The Man from the North: Suspense Flash Fiction By B.L. Conradis
B.L. Conradis, author of The Man from the North, is a journalist by trade who currently resides in Washington, D.C.. He has previously published short fiction online with Shotgun Honey and Akashic Books.
No one in Santa Luisa knew precisely where he came from, or why he was there. He arrived by bus from somewhere across the border one hot summer afternoon and decided to stay on in the town indefinitely. Some people called him Güero, on account of his fair hair and pale blue eyes. Most people knew him simply as the man from the north.
He took a room above the bar in the town square. On some days he would travel to the nearest city and no one would see him for a week or two at a time. There were whispers that he was on the run from the law; some in town heard he had killed a man.
The only thing they knew for sure was that he had an insatiable appetite—for alcohol, fighting, women.
It was during a festival in the town, about a month after his arrival, that he first laid eyes on her. She was the daughter of a local judge, and the most beautiful girl in all of Santa Luisa. Watching her from a distance, as she danced by herself in front of the local men, he was overcome with a desire to have her at all costs.
For the next several weeks he pursued her relentlessly. Day after day, he waited for her in front of the cafe where she worked. Eventually, after weeks of resistance, she gave in to his advances. And soon, much to her own surprise, she began to fall in love with him.
The whispers in town grew more pronounced. The girl lived with the judge in a large estate on the outskirts of town. But more and more, the townspeople saw her at the bar, or in the window of his room overlooking the town square, until finally she seemed to become a permanent fixture at his side.

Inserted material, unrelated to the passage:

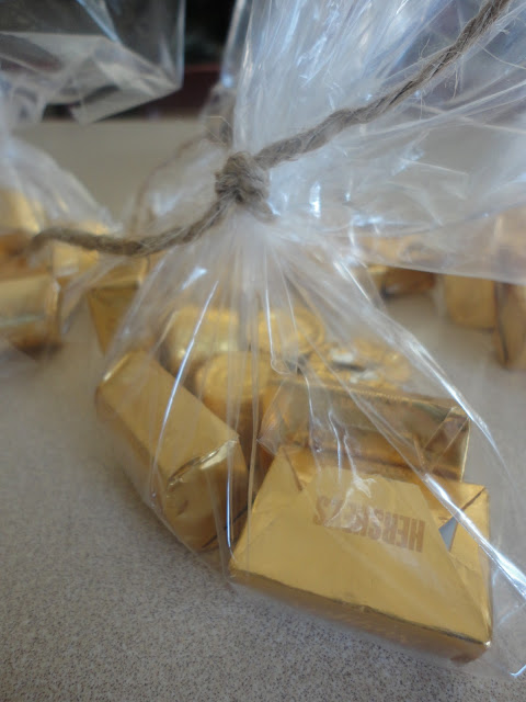 For the goody bags, I made my own labels, filled brown paper lunch sacks and tied them with jute rope to make them look like loot sacks.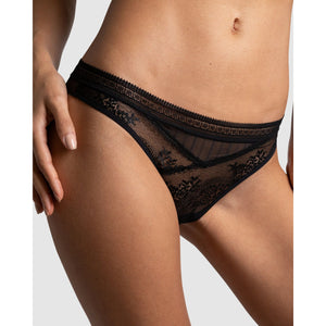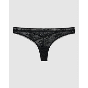 Combining elegant floral lace, a geometric lace trim, and a sheer striped tulle at the front, this tanga brief offers an alluring and contemporary take on classic French style. It has a cheeky, minimal coverage back, with elastic-free edges that lie flat for a smooth look under your clothing.

For the next several weeks he pursued her relentlessly. Day after day, he waited for her in front of the cafe where she worked.

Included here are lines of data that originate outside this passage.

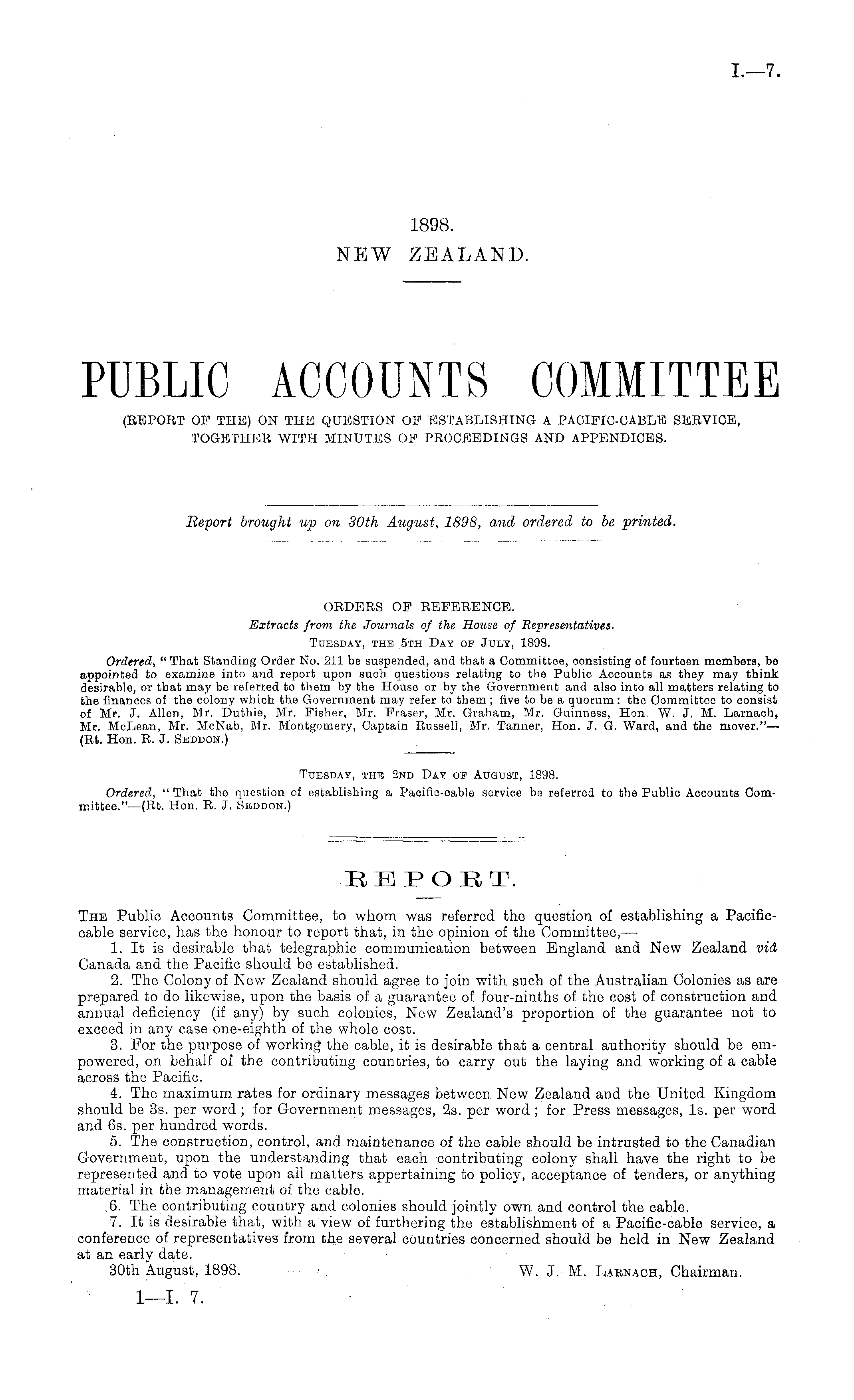 Tuesday, the 2nd Day op August, 1898. Ordered, " That the question of establishing a Paoifio-oable service be referred to the Pablio Accounts Committee." —(Rt. Hon. R. J. Seddon.)
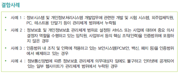 이번 영역에서는 총 16개의 세부 인증기준 중에서 '1.1. 관리체계 기반 마련' 분야에서 '1.1.4 범위 설정' 항목을 확인해보자.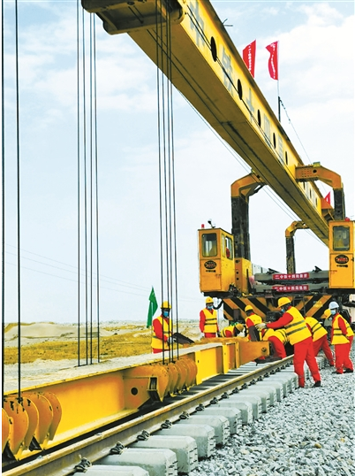 在若和铁路,还能看到“千里一根轨”的壮观景象。“若和铁路的钢轨是由100米长的标准轨在焊轨厂焊接成500米长钢轨后,运往铺架基地,铺架现场再将500米长钢轨依次焊接,成为一体。”中铁十四局若和铁路铺架标项目负责人张刚告诉记者,也就是说,全线没有一条轨缝,这是新疆境内一次性铺设跨区间无缝轨道最长的铁路。

The girl didn’t care if they talked about her. All she cared about was being with him. At night he would play records for her in the dim light of his room, songs she had never heard before, some in English, others in Spanish. The one she liked best was a mixture of both. “I’ll be here by your side, and you’ll be here by mine,” sang the woman on the record, “—para siempre.” Forever and ever.

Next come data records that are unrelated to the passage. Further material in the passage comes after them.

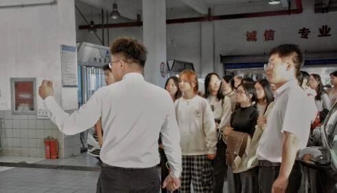座谈结束后,师生们开启沉浸式参观体验,全方位感知汽车行业运营生态。在赵天龙的带领下,大家走进汽车展厅,深入了解汽车销售业务的全环节,直观感受市场端对产品与服务的需求导向;随后,陈涧生带领同学们走进汽车维修保养车间,详细讲解专业设备的操作规范与服务质量管控体系,让同学们对“汽车售后市场”的运营逻辑有了全新认识。最后,兰晨带领同学们参观新能源商场,围绕新能源汽车的技术特点,分析行业前景与人才需求,为同学们拓展视野、提供职业思考方向。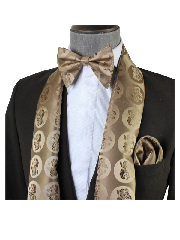 Sold outFloral Solid A7 | Taupe | Scarf & Bowtie Set
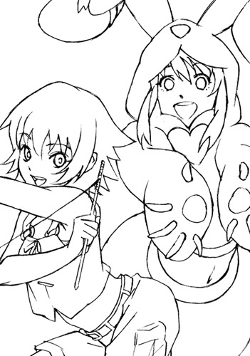 とりあえず今日のはGyaOで放送が始まった記念!と思って勢いで描いたカレイド絵!の一部分! あ、あと祝!カレイド馬鹿レンダー発売記念!!これから色塗るところです。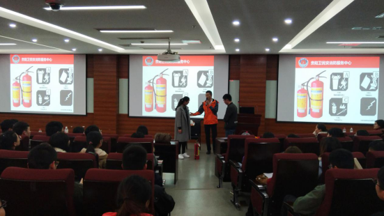 杨万义教官结合近年来火灾案例,通过播放火灾现场视频、展示火灾事故图片、现场与同学互动等方式,向全院师生介绍了引发火情的原因及造成的危害,详细讲解了发生火灾后的自防、自救及逃生技能,通过现场演示,指导大家如何使用灭火器、安全锤等有关消防器具。最后,杨教官针对日常工作中所遇到的消防问题与大家进行互动,为大家进行了详细解答。

But as time passed, his demeanor changed. She could sense him drawing away from her. He stayed out late most nights. He began to speak of moving on to somewhere new.
And then the day came when he told her he was leaving for good. He had grown tired of Santa Luisa and would be departing on the last bus out of town. She was heartbroken, but insisted on seeing him off that night.
Later that evening, she arrived at his room overlooking the town square, just as he was finishing packing. Her face was pale, her eyes red. In that dimly lit room, where they had spent so many hours listening to songs about love and heartbreak, she begged to come with him. He refused, even after she cried and pleaded, even after she threatened to kill herself.
Tiring of their argument, he turned toward the door, his suitcase in hand. He didn’t see her take the pistol out of the folds of her dress. Nor did he see her shut her eyes and whisper a prayer under her breath, as she aimed the gun at his back and pulled the trigger.
The townspeople weren’t surprised to learn the man had left on such short notice, but rumors persisted nonetheless. A boy claimed around that time to have seen the judge helping his daughter lift a body into the back of his car one night. And an old woman walking to town later said she noticed the two burning what looked like a man’s clothes on the grounds of their estate. But they were just stories, nothing more.
Eventually all that talk faded. The people of Santa Luisa simply lost interest. Even if his body did turn up, they said in the privacy of their homes, who could blame her for committing such a crime? Men like that—men who drank and fought, and manipulated young women—deserved an early death.
Days became months, months became years. The judge passed away, leaving his estate to his daughter. She never married, despite her frequent suitors. The only time the man from the north was ever mentioned anymore was in the context of her tragic fate. What a waste, the townspeople would say. Such a beautiful girl, now a beautiful, sad-eyed woman, all alone…
One day, on a rare visit to town, she overheard them talking about her.
“Imagine how happy her life would be,” an old lady was whispering, “if that man from the north had never stepped foot in Santa Luisa.”
The judge’s daughter smiled sadly—they had never understood her love for him.
That night, in the house that once belonged to her father, she crept into the bedroom. There, illuminated by candlelight on the four-post bed, lay her beloved man from the north. She caressed his body, the body left paralyzed from the neck down after the bullet that had pierced his spine but spared his life.
“I’ll be here by your side, and you’ll be here by mine,” she sang to him softly, ignoring his pleas for a merciful death. “Para siempre.”